* [What the exercise asks]: Your answer should be every line of the entries that has the string "with" in it.

[Dataset items]
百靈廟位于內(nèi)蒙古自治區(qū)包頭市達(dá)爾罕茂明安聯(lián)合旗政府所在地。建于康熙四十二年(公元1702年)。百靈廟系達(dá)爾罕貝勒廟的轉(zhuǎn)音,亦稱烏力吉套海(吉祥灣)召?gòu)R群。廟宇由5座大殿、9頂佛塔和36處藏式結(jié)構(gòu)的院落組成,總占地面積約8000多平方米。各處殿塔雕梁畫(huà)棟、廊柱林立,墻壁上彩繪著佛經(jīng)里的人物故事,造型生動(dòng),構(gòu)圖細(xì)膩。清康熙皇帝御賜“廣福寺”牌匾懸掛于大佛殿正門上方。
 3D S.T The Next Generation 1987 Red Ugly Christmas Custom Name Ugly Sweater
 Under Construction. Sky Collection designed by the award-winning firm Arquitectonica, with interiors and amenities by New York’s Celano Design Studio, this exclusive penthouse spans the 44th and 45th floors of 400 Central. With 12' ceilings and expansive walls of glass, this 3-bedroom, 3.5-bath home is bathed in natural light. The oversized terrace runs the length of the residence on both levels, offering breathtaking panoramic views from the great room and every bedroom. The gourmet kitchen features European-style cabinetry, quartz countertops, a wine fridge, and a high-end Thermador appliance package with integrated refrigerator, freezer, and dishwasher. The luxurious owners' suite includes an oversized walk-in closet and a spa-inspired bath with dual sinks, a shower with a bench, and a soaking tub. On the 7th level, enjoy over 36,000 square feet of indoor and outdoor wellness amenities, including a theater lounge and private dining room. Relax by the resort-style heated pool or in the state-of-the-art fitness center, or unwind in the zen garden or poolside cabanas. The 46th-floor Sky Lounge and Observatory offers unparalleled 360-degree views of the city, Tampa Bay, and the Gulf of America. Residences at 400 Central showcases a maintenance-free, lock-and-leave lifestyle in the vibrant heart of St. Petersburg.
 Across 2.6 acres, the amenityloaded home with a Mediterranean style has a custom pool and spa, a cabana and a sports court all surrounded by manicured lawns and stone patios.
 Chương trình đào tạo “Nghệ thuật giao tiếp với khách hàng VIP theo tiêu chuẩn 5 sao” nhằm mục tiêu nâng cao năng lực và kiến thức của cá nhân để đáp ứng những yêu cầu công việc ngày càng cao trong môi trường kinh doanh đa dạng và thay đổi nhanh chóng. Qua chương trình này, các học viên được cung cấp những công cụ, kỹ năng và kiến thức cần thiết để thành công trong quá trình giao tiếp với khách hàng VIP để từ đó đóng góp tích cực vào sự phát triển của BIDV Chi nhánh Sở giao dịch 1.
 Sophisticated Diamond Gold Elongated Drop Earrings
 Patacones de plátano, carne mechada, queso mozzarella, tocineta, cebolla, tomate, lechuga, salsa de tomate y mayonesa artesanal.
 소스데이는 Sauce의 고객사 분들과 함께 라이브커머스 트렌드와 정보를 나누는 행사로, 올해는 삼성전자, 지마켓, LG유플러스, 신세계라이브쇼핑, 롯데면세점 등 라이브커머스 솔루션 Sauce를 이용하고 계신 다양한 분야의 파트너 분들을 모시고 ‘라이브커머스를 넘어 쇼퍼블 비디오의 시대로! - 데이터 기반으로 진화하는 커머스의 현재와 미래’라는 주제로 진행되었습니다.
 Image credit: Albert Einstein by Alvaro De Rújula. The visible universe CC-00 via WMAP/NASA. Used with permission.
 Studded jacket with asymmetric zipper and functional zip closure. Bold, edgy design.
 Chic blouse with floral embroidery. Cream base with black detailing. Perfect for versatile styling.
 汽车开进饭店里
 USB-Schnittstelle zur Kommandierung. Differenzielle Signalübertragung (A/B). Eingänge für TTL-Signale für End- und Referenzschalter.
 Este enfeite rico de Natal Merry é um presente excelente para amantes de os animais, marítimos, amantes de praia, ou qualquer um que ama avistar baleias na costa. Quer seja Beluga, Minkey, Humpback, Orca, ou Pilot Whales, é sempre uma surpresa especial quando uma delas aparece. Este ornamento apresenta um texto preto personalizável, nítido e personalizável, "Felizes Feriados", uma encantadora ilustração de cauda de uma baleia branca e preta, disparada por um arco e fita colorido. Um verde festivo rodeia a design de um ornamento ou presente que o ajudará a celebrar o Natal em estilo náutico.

* [Solution for this problem]:
 Under Construction. Sky Collection designed by the award-winning firm Arquitectonica, with interiors and amenities by New York’s Celano Design Studio, this exclusive penthouse spans the 44th and 45th floors of 400 Central. With 12' ceilings and expansive walls of glass, this 3-bedroom, 3.5-bath home is bathed in natural light. The oversized terrace runs the length of the residence on both levels, offering breathtaking panoramic views from the great room and every bedroom. The gourmet kitchen features European-style cabinetry, quartz countertops, a wine fridge, and a high-end Thermador appliance package with integrated refrigerator, freezer, and dishwasher. The luxurious owners' suite includes an oversized walk-in closet and a spa-inspired bath with dual sinks, a shower with a bench, and a soaking tub. On the 7th level, enjoy over 36,000 square feet of indoor and outdoor wellness amenities, including a theater lounge and private dining room. Relax by the resort-style heated pool or in the state-of-the-art fitness center, or unwind in the zen garden or poolside cabanas. The 46th-floor Sky Lounge and Observatory offers unparalleled 360-degree views of the city, Tampa Bay, and the Gulf of America. Residences at 400 Central showcases a maintenance-free, lock-and-leave lifestyle in the vibrant heart of St. Petersburg.
 Across 2.6 acres, the amenityloaded home with a Mediterranean style has a custom pool and spa, a cabana and a sports court all surrounded by manicured lawns and stone patios.
 Image credit: Albert Einstein by Alvaro De Rújula. The visible universe CC-00 via WMAP/NASA. Used with permission.
 Studded jacket with asymmetric zipper and functional zip closure. Bold, edgy design.
 Chic blouse with floral embroidery. Cream base with black detailing. Perfect for versatile styling.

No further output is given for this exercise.